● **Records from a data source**
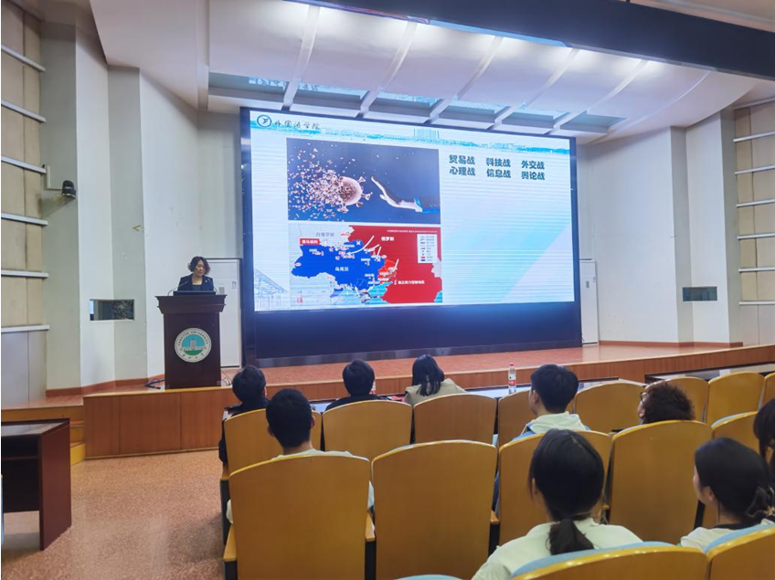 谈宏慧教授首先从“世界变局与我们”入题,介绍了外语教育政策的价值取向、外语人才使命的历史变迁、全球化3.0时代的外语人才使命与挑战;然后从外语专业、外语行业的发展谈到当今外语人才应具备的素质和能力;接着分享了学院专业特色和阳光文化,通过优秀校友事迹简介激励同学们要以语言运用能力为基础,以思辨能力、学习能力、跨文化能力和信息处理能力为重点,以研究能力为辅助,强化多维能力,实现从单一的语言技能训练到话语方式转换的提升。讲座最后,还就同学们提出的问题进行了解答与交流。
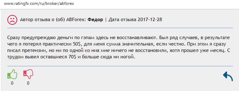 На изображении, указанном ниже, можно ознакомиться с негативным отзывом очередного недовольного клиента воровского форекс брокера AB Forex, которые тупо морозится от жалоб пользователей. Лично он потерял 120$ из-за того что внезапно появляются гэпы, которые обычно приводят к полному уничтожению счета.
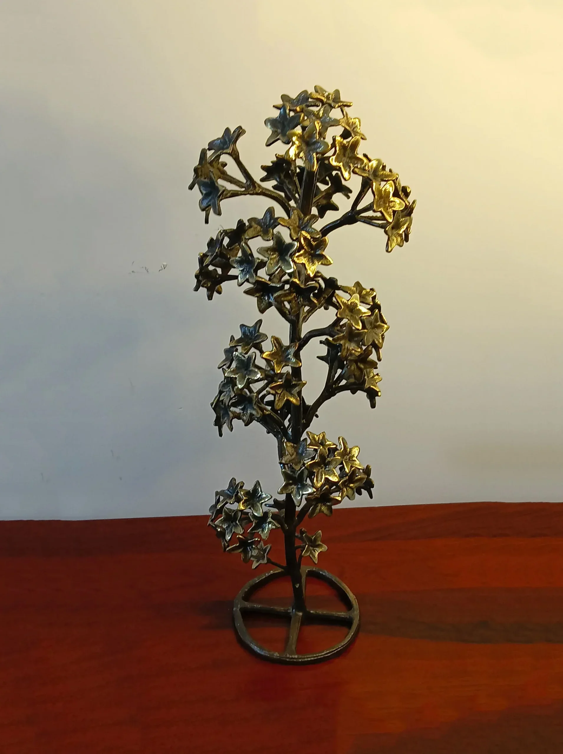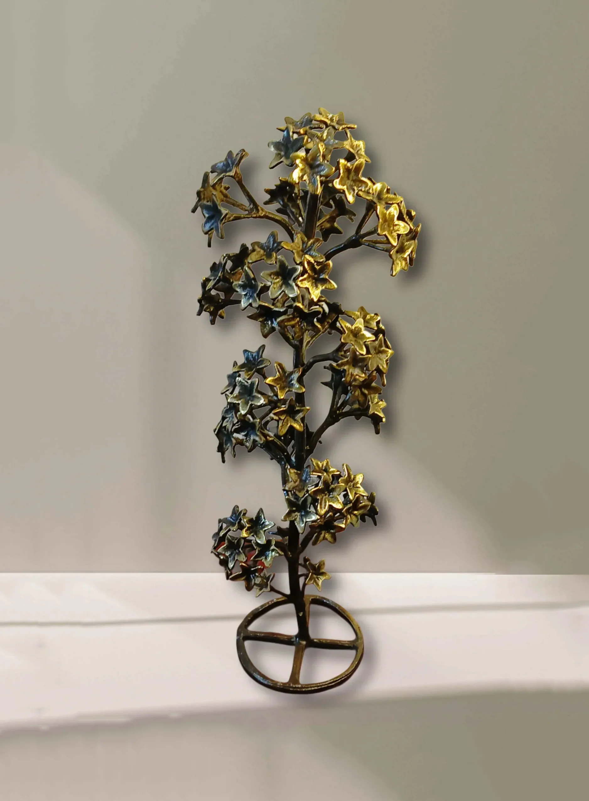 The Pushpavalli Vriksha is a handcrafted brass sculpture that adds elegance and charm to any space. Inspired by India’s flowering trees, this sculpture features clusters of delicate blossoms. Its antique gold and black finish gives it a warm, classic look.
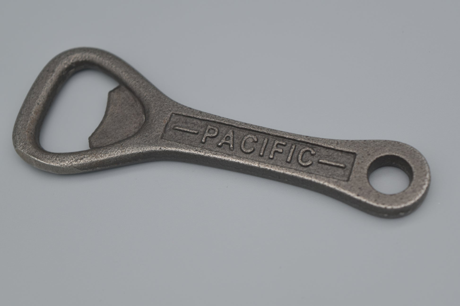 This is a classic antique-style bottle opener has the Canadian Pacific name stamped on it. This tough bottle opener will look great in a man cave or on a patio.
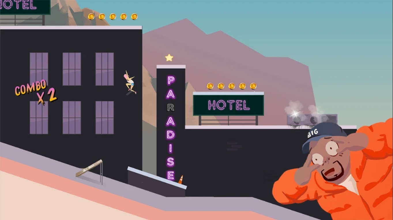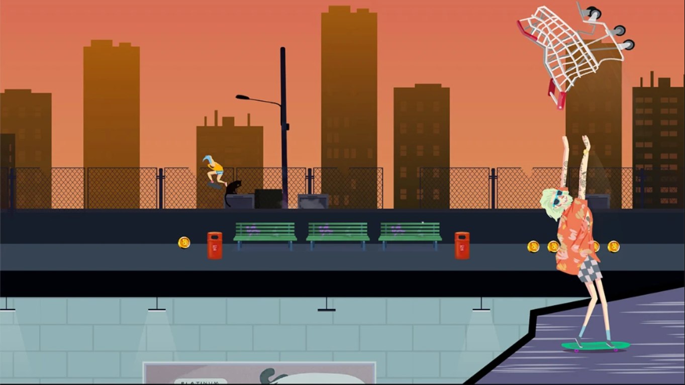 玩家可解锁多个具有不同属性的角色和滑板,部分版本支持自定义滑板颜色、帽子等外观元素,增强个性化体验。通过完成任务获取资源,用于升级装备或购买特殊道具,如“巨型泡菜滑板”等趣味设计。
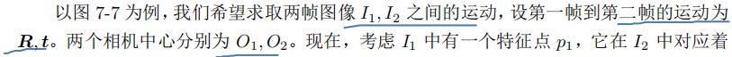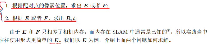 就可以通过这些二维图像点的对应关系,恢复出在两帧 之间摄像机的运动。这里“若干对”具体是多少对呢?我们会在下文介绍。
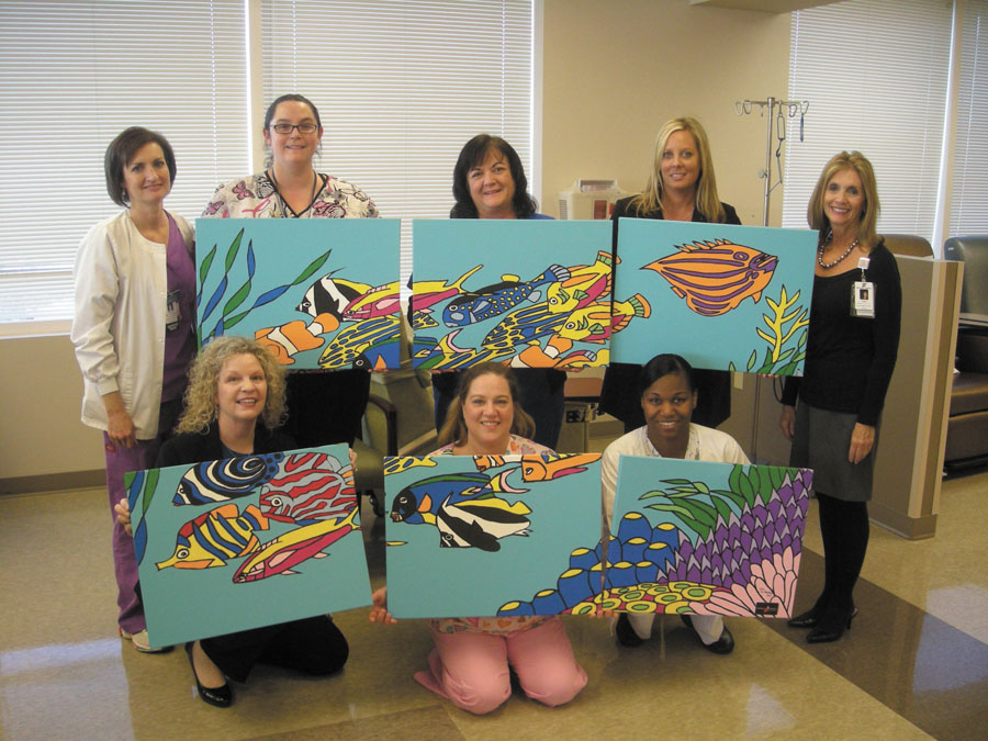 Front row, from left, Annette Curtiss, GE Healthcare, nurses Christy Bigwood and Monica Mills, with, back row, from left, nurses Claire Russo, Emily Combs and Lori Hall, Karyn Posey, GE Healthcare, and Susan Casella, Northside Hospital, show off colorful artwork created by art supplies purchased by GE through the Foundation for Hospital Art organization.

● **To do**
All entries above should be returned exactly, apart from their pictures.

● **Answer to this problem**
 谈宏慧教授首先从“世界变局与我们”入题,介绍了外语教育政策的价值取向、外语人才使命的历史变迁、全球化3.0时代的外语人才使命与挑战;然后从外语专业、外语行业的发展谈到当今外语人才应具备的素质和能力;接着分享了学院专业特色和阳光文化,通过优秀校友事迹简介激励同学们要以语言运用能力为基础,以思辨能力、学习能力、跨文化能力和信息处理能力为重点,以研究能力为辅助,强化多维能力,实现从单一的语言技能训练到话语方式转换的提升。讲座最后,还就同学们提出的问题进行了解答与交流。
 На изображении, указанном ниже, можно ознакомиться с негативным отзывом очередного недовольного клиента воровского форекс брокера AB Forex, которые тупо морозится от жалоб пользователей. Лично он потерял 120$ из-за того что внезапно появляются гэпы, которые обычно приводят к полному уничтожению счета.
 The Pushpavalli Vriksha is a handcrafted brass sculpture that adds elegance and charm to any space. Inspired by India’s flowering trees, this sculpture features clusters of delicate blossoms. Its antique gold and black finish gives it a warm, classic look.
 This is a classic antique-style bottle opener has the Canadian Pacific name stamped on it. This tough bottle opener will look great in a man cave or on a patio.
 玩家可解锁多个具有不同属性的角色和滑板,部分版本支持自定义滑板颜色、帽子等外观元素,增强个性化体验。通过完成任务获取资源,用于升级装备或购买特殊道具,如“巨型泡菜滑板”等趣味设计。
 就可以通过这些二维图像点的对应关系,恢复出在两帧 之间摄像机的运动。这里“若干对”具体是多少对呢?我们会在下文介绍。
 Front row, from left, Annette Curtiss, GE Healthcare, nurses Christy Bigwood and Monica Mills, with, back row, from left, nurses Claire Russo, Emily Combs and Lori Hall, Karyn Posey, GE Healthcare, and Susan Casella, Northside Hospital, show off colorful artwork created by art supplies purchased by GE through the Foundation for Hospital Art organization.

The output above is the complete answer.